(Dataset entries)
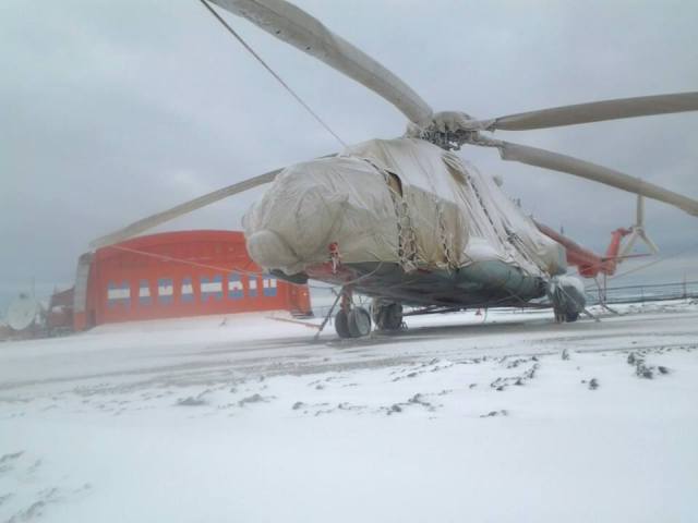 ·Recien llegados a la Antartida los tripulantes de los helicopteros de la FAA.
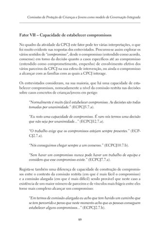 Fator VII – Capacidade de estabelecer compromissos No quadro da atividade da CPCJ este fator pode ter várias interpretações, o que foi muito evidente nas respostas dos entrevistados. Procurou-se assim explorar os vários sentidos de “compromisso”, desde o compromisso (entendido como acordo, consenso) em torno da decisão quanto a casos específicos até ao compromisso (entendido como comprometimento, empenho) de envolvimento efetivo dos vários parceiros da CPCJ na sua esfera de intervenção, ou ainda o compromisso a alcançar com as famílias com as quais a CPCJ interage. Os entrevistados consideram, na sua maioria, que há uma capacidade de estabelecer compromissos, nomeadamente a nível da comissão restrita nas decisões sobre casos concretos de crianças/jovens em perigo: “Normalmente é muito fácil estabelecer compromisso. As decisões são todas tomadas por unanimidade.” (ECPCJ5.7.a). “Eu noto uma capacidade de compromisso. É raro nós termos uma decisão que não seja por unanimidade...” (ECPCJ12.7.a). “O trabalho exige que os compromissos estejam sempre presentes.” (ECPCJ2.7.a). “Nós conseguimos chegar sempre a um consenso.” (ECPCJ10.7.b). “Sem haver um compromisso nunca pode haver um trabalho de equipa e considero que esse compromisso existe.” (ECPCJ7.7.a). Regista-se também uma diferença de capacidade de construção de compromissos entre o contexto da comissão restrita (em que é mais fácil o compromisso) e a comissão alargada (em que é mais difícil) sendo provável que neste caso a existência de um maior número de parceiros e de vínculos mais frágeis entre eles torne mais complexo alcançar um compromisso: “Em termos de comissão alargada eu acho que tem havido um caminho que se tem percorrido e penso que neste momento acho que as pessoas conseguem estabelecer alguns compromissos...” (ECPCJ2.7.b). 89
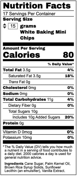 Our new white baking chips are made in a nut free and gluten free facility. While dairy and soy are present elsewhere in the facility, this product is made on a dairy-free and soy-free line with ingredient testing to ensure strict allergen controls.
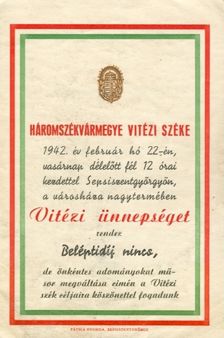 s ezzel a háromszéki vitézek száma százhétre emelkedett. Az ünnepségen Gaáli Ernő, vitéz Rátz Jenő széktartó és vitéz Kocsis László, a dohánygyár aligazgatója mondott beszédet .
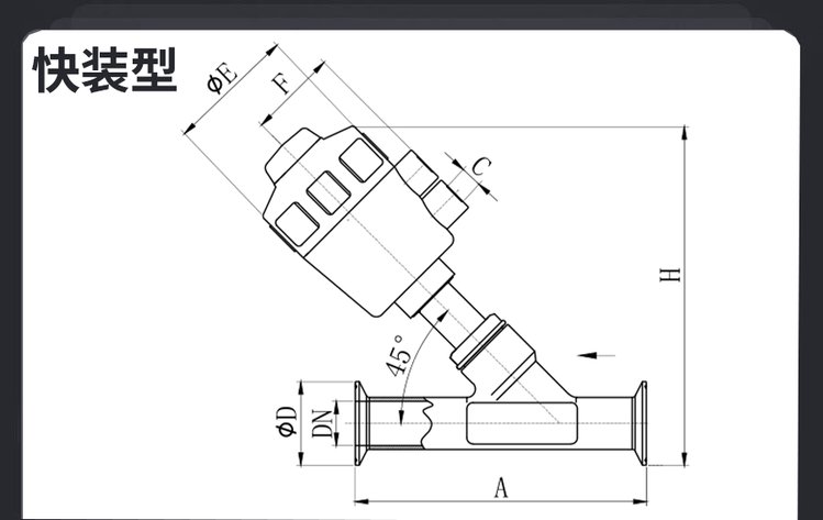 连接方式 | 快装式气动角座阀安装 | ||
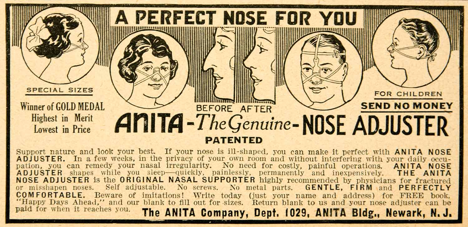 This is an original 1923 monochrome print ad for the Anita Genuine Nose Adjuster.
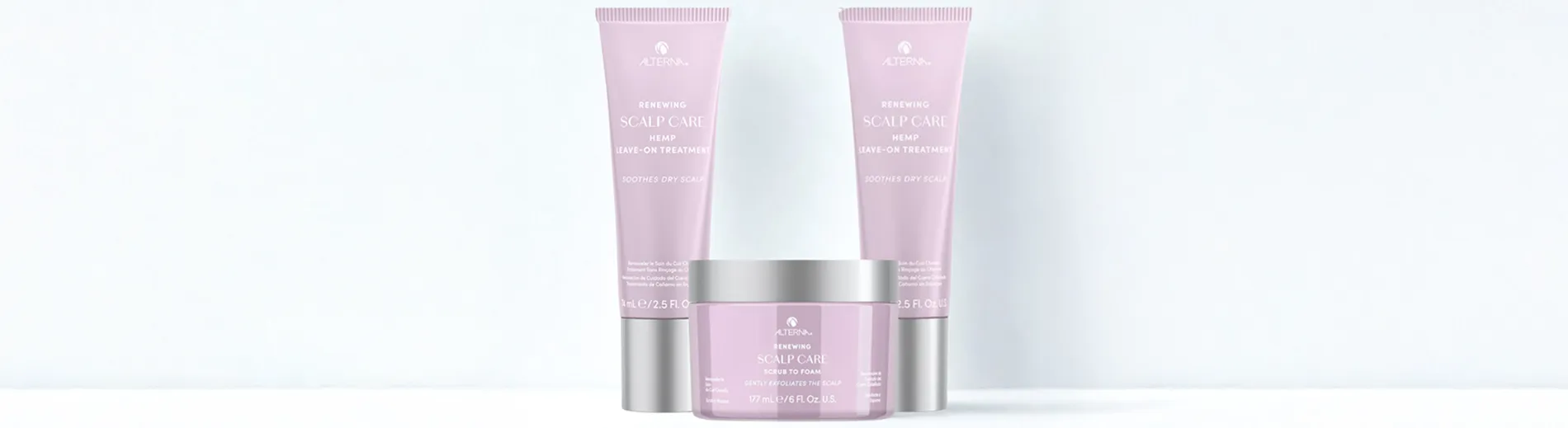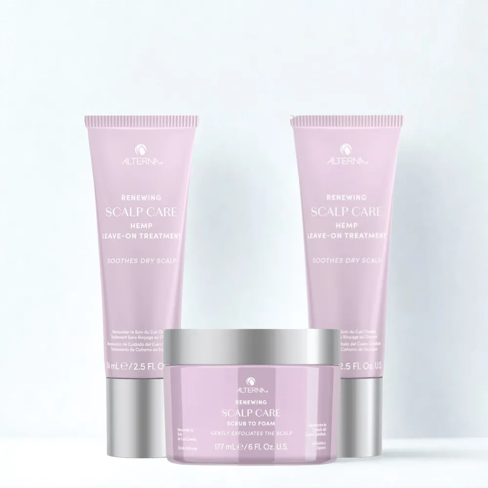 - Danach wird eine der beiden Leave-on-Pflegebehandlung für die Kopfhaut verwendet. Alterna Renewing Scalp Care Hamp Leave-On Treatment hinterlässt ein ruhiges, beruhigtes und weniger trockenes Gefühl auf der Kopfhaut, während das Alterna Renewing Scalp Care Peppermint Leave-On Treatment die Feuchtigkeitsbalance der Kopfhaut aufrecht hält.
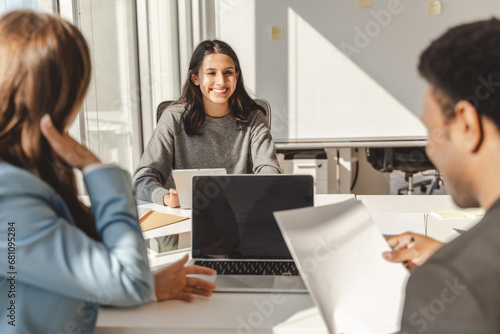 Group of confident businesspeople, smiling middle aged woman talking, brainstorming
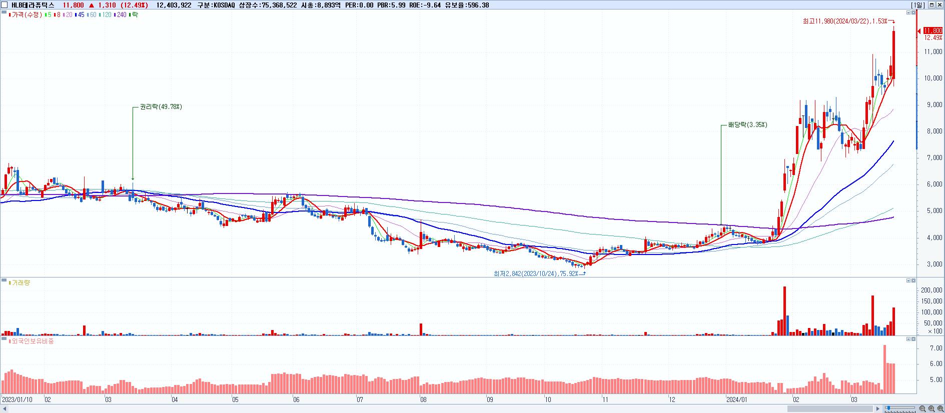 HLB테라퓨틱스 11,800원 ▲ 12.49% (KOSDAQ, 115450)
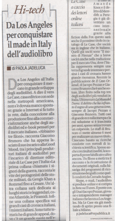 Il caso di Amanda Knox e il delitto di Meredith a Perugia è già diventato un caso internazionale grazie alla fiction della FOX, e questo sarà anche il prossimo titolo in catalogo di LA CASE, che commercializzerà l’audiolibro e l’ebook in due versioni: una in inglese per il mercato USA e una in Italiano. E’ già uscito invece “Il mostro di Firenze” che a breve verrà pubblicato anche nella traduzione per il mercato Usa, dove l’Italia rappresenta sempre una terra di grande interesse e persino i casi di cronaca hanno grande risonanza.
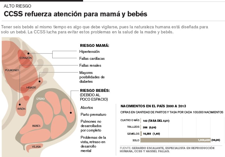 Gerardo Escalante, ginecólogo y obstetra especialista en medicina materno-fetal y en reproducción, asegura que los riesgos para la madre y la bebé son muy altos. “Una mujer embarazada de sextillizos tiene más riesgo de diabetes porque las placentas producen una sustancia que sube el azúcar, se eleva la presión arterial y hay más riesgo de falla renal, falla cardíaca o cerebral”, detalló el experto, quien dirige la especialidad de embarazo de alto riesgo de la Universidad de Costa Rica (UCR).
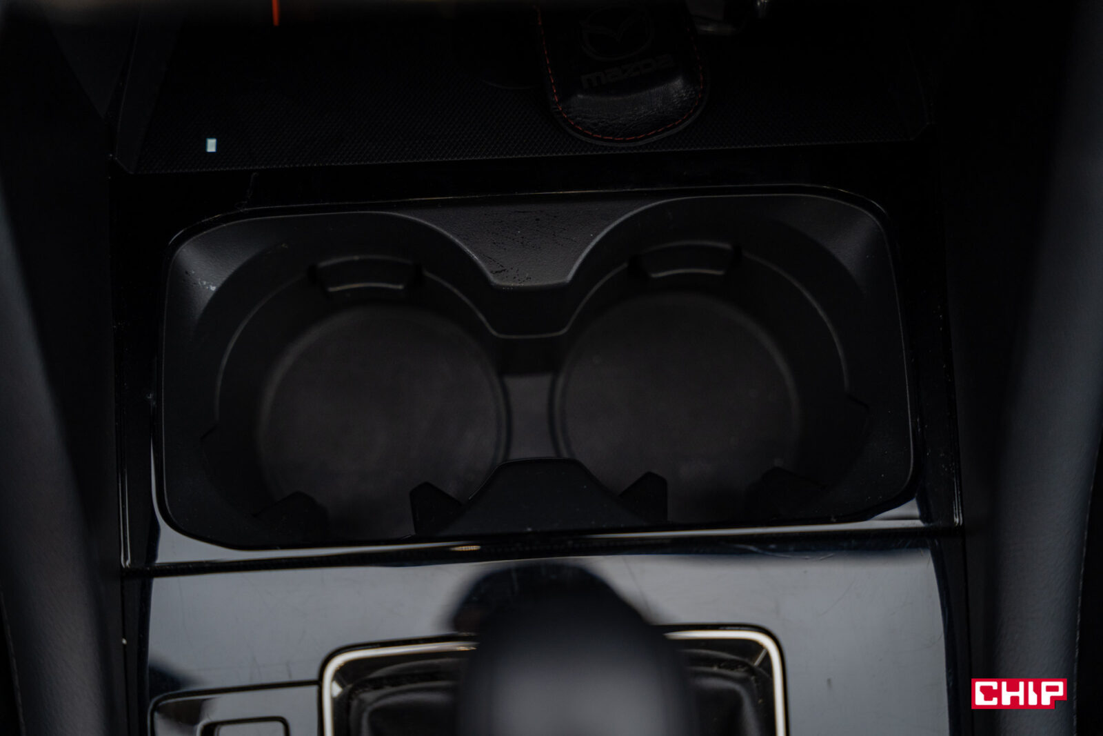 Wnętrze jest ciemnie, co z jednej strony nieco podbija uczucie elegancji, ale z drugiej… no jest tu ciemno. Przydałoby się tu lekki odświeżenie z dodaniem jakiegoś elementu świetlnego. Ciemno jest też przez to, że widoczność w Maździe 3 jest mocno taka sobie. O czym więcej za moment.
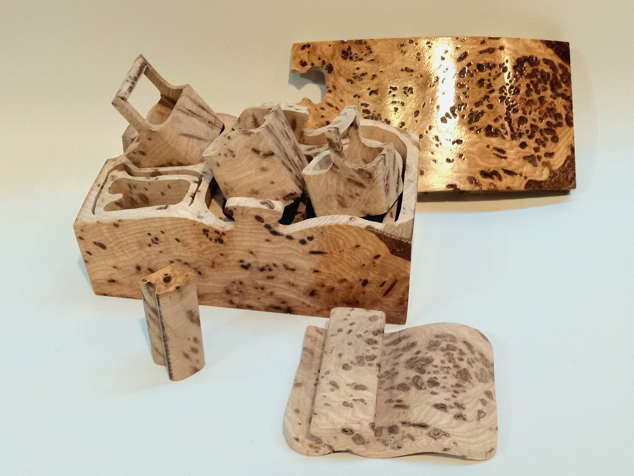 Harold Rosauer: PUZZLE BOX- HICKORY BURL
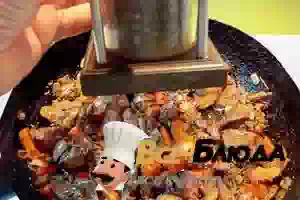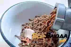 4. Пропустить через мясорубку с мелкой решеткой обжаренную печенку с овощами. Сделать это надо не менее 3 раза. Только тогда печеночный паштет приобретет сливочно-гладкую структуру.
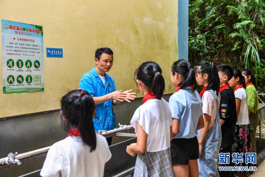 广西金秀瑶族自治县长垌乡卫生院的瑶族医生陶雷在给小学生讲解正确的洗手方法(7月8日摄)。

TRY IT → Work from the entries above. Set down exactly and only the lines from the line with "连接方式 | 快装式气动角座阀安装 | ||" to the line with "This is an original", both included, and leave the pictures out.

RESPONSE →
 连接方式 | 快装式气动角座阀安装 | ||
 This is an original 1923 monochrome print ad for the Anita Genuine Nose Adjuster.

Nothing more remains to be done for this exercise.